- [Requirement]
Say how many lines of the records include the string "Jesus". Nothing else belongs in the answer.

- [Task inputs]
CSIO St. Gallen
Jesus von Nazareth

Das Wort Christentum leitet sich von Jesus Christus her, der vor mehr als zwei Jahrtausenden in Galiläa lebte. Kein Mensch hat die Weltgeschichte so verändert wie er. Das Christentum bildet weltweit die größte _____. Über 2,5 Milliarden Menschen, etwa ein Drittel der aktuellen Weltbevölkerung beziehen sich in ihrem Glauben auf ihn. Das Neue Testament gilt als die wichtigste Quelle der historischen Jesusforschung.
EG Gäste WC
---
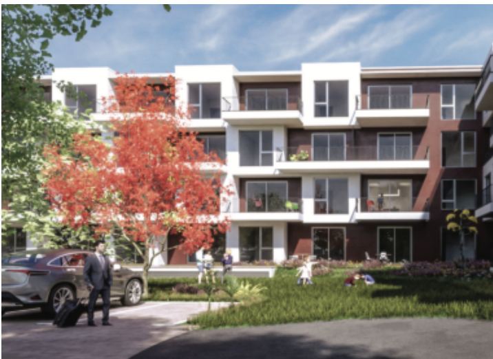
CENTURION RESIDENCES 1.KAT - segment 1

- [Response area]
2